Dalam pengadaan produk kilang oleh PT Pertamina Patra Niaga, tersangka Riva diketahui membeli BBM jenis RON 92, padahal yang dibeli sebenarnya adalah jenis RON 90 atau yang lebih rendah. BBM tersebut kemudian dioplos di depot untuk dijadikan RON 92, meskipun tindakan ini dilarang.
Selanjutnya, ditemukan pula adanya mark up kontrak pengiriman dalam pengadaan impor minyak mentah dan produk kilang yang melibatkan tersangka Yoki Firnandi (YF), Direktur Utama PT Pertamina International Shipping. Akibatnya, negara harus membayar biaya pengiriman yang lebih tinggi, yaitu sekitar 13—15 persen secara ilegal. Tersangka Muhammad Kerry Andrianto Riza (MKAR), yang merupakan Beneficial Owner PT Navigator Khatulistiwa, dilaporkan mendapatkan keuntungan dari transaksi ini.

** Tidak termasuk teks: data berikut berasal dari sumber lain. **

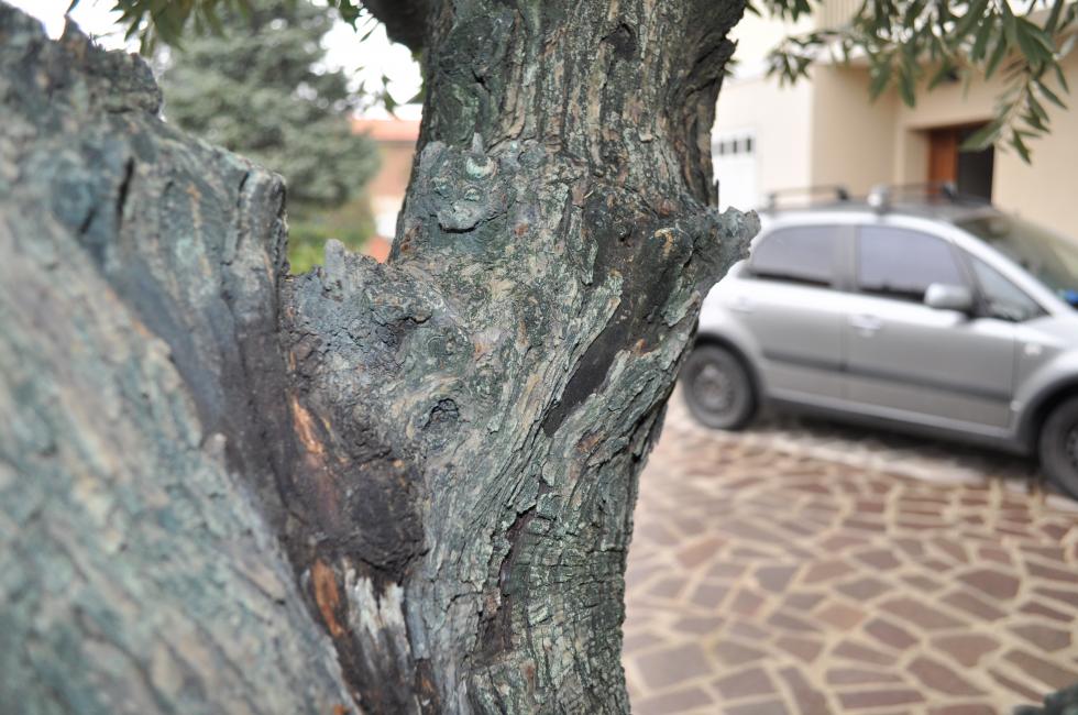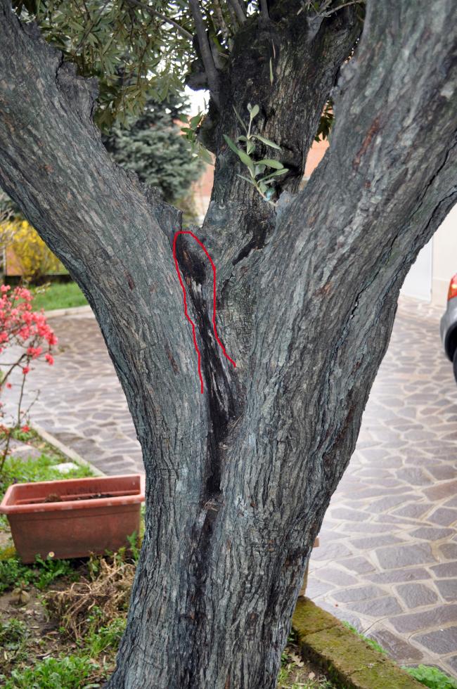Buongiorno a tutti Provo a chiedere consiglio per un olivo che ho in giardino e presenta qualche problema , spero meno gravi di quello che penso. Non sono esperto di olivi, ma in questi anni mi sono un po’ documentato leggendo e guardando immagini. Credo sia un olivo Spagnolo e anche qui è stato fatto un errore, non abbiamo chiesto la provenienza prima dell’acquisto. Con il senno di poi …… adesso lo prenderei Italiano . Se non ricordo male, è stato acquistato nel 2014 e da inesperti abbiamo preso la classica fregatura. Vorrei provare a salvare il salvabile. Aveva già gravi problemi di rogna sui rami più grandi. Io e mio padre non ne sapevamo nulla e ho scoperto il problema solo dopo alcuni giorni che era stato piantato nel giardino. Ho fatto una ricerca per capire cosa fossero quei tumori sui rami e ho scoperto la brutta notizia. Ho mandato una mail al vivaio e sono stato liquidato con la frase : sono danni provocati dalla gelata di qualche anno fa e dalle grandinate, dai del rame e pota i rami più infestati. Alcuni anni prima dell’acquisto c’era stata una grossissima gelata durata diversi giorni. Da allora ho fatto trattamenti rameici in continuazione e fino a 1 anno e mezzo fa ero riuscito a non fare peggiorare la malattia. Dopo ho avuto problemi di tempo e salute e da 1 anno e mezzo è stato lasciato al proprio destino. Ho fatto una ricerca e ultimamente ho trovato un prodotto che sembra avere buoni effetti sulla rogna, l’ho già acquistato e proverò anche questa. Non so se si possono fare nomi di prodotti, è a base di rame e zinco. Tralasciamo la rogna e veniamo al resto. Già subito dopo l’acquisto, mi ero accorto di vecchi tagli con la parte del legno annerita senza corteccia, ma non ci ho dato peso. Con il passare degli anni la cosa peggiora, nelle vicinanze di quei tagli, mano a mano che salta via la corteccia non viene rimpiazzata dalla nuova e il legno rimane scuro e liscio. Ormai ne ho un po’ ovunque. Non so se è un problema di carie o se anche questo è stato provocato dal gelo. Provo ad allegare una serie di foto sperando che qualche persona esperta mi sappia fare una diagnosi precisa .

Ketika sebagian besar kebutuhan minyak dalam negeri dipenuhi melalui impor yang melawan hukum, harga dasar yang digunakan untuk menentukan harga indeks pasar (HIP) BBM menjadi lebih mahal. Harga yang tinggi ini menyebabkan masyarakat kesulitan membeli, sehingga pemerintah terpaksa memberikan subsidi dan kompensasi. Hal ini berujung pada pengeluaran negara yang tidak semestinya, yang menggerus anggaran negara atau APBN.
Akibat dari serangkaian perbuatan melawan hukum tersebut, kerugian negara diperkirakan mencapai sekitar Rp193,7 triliun.